La (vraie) planète des singes Les hominoïdes, très dépendants des forêts, se déploient partout où elles s’étendent, en Afrique bien sûr, mais aussi sur toute la partie méridionale de l’Eurasie. Nous nous trouvons dans une période de réchauffement particulière appelé l’optimum climatique du Miocène moyen alors que la tendance climatique générale va vers un refroidissement depuis 40 millions d’années. La première partie du Miocène moyen (le Langhien) se caractérise par cet optimum climatique qui favorise l’expansion des forêts tropicales et tempérées chaudes sur l’Eurasie. Les singes hominoïdes et d’autres arrivent au cours de la période suivante, le Tortonien. C’est là que l’on retrouve Pierola et d’autres hominoïdes dans le sud de l’Europe (Espagne, Italie, France, Grèce, Hongrie) et en Asie (Turquie, Pakistan, Chine). Les paléontologues recensent une centaine d’espèces fossiles connues.
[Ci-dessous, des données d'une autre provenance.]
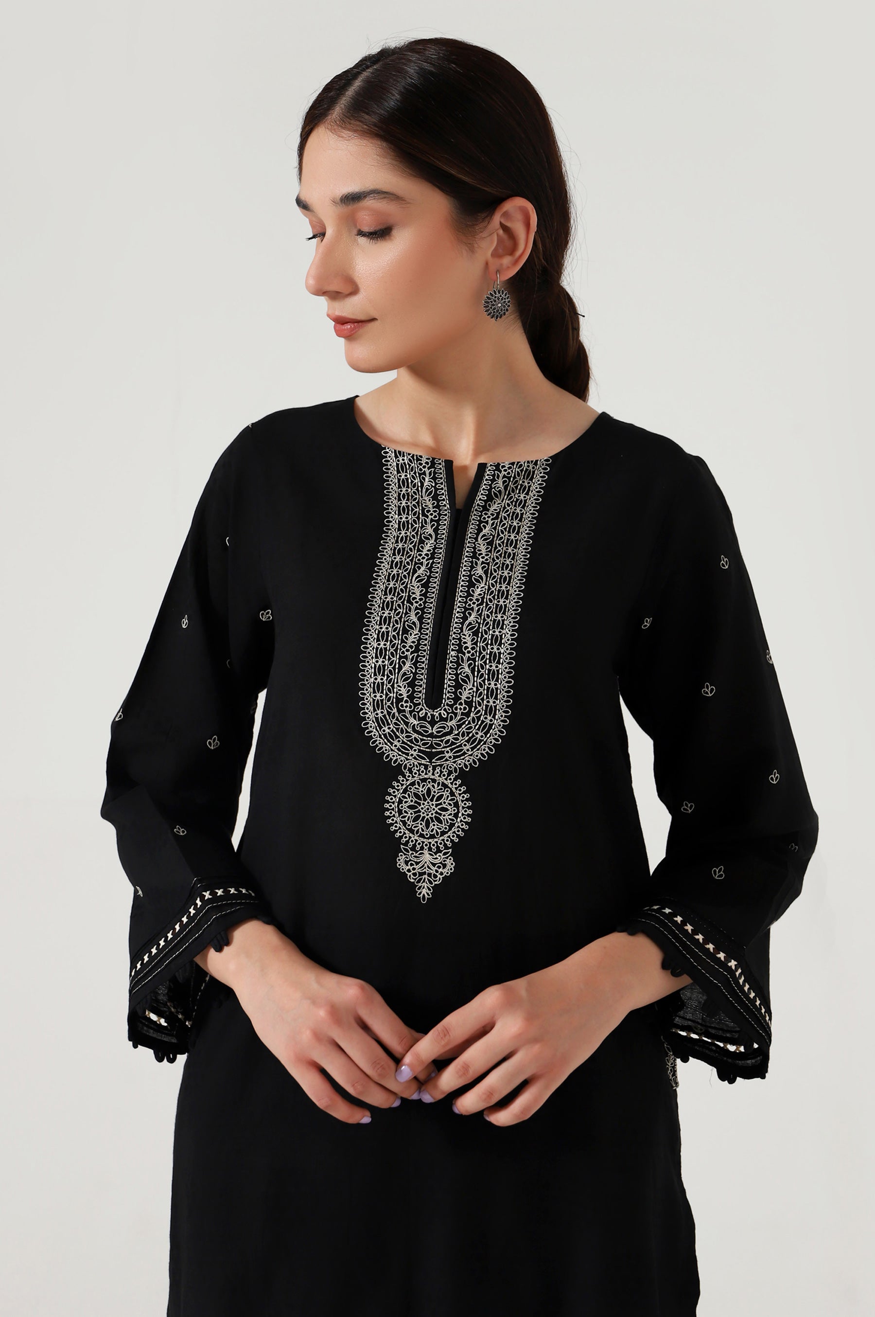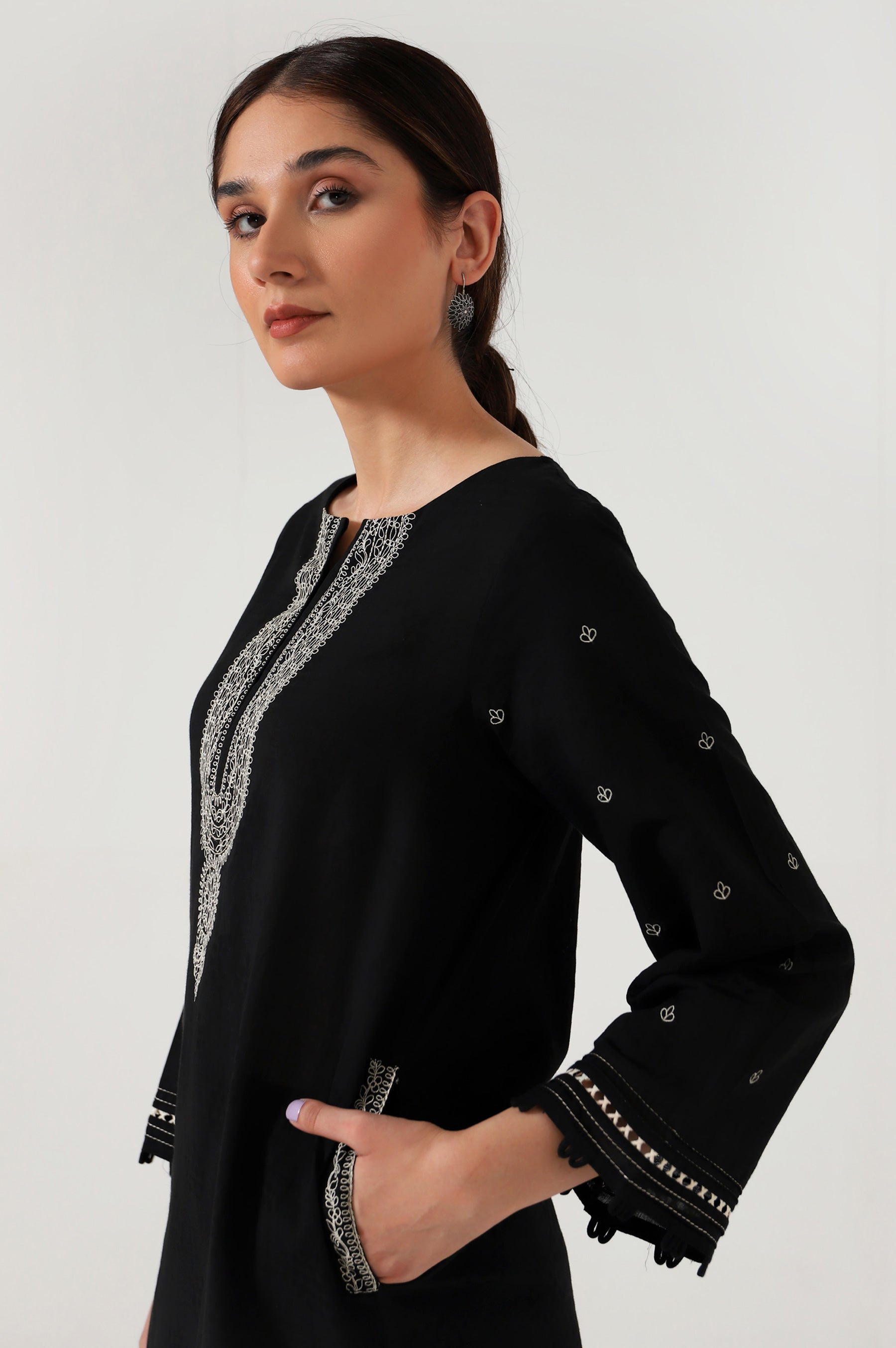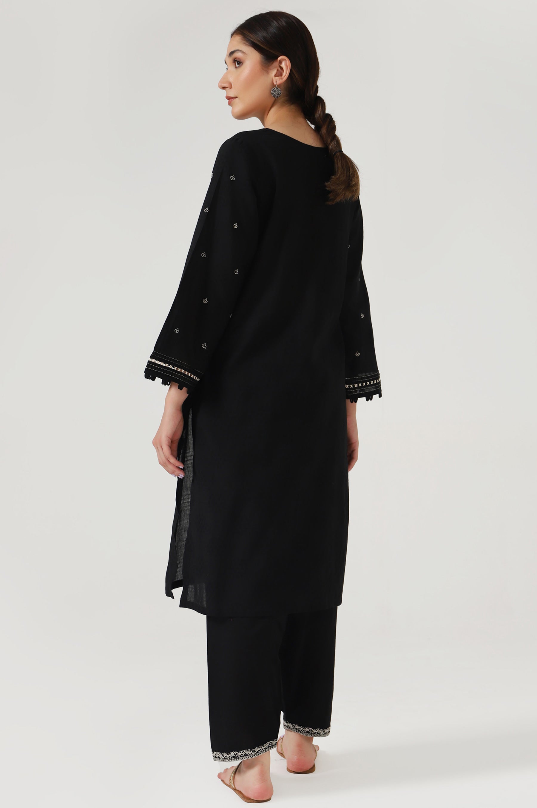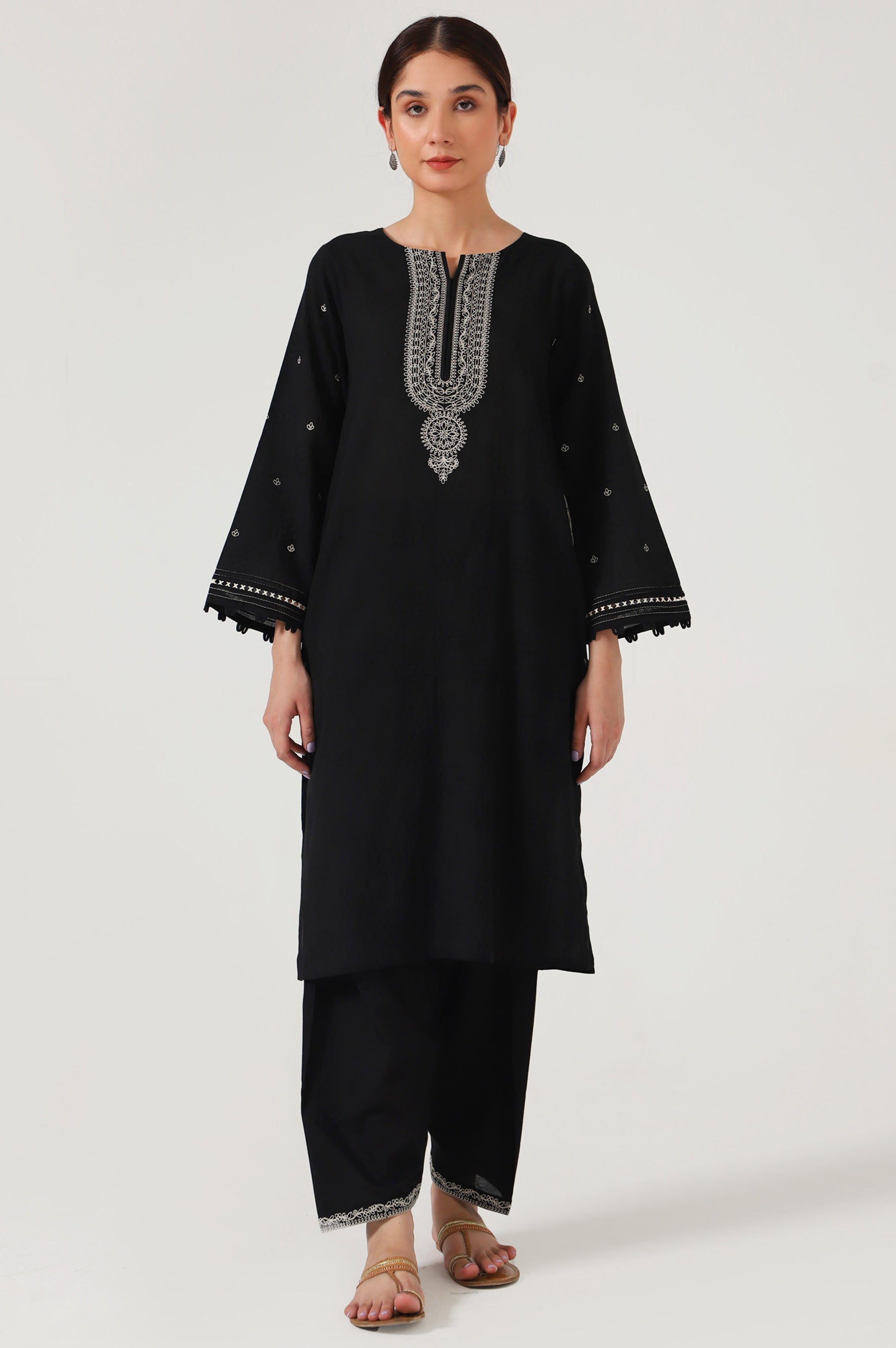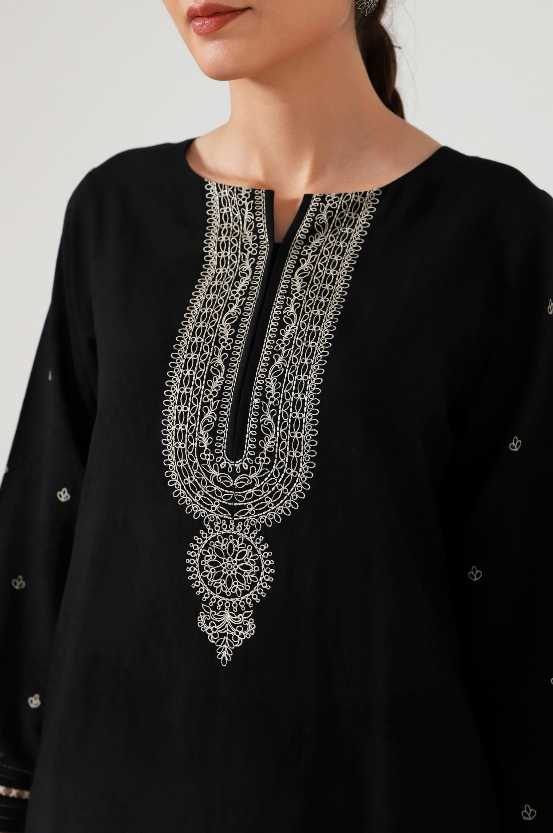 This easy breezy kurta crafted from cambric illustrated with dori looking embroidery on the neckline, pocket and narrow shalwar. This elegant kurta comes with a embroidery that can be wear at any casual meetings or event.

On pourrait dire que tout va bien pour ces grands singes pendant le Miocène moyen, mais leur expansion s’inscrit dans un processus de dégradation climatique et environnemental qui, dans un premier temps, favorise leur diversification et qui, dans un deuxième temps, va leur être fatal. Grandeur et décadence inéluctables
Quand
les uns sont à terre, un autre guette l’ennemi.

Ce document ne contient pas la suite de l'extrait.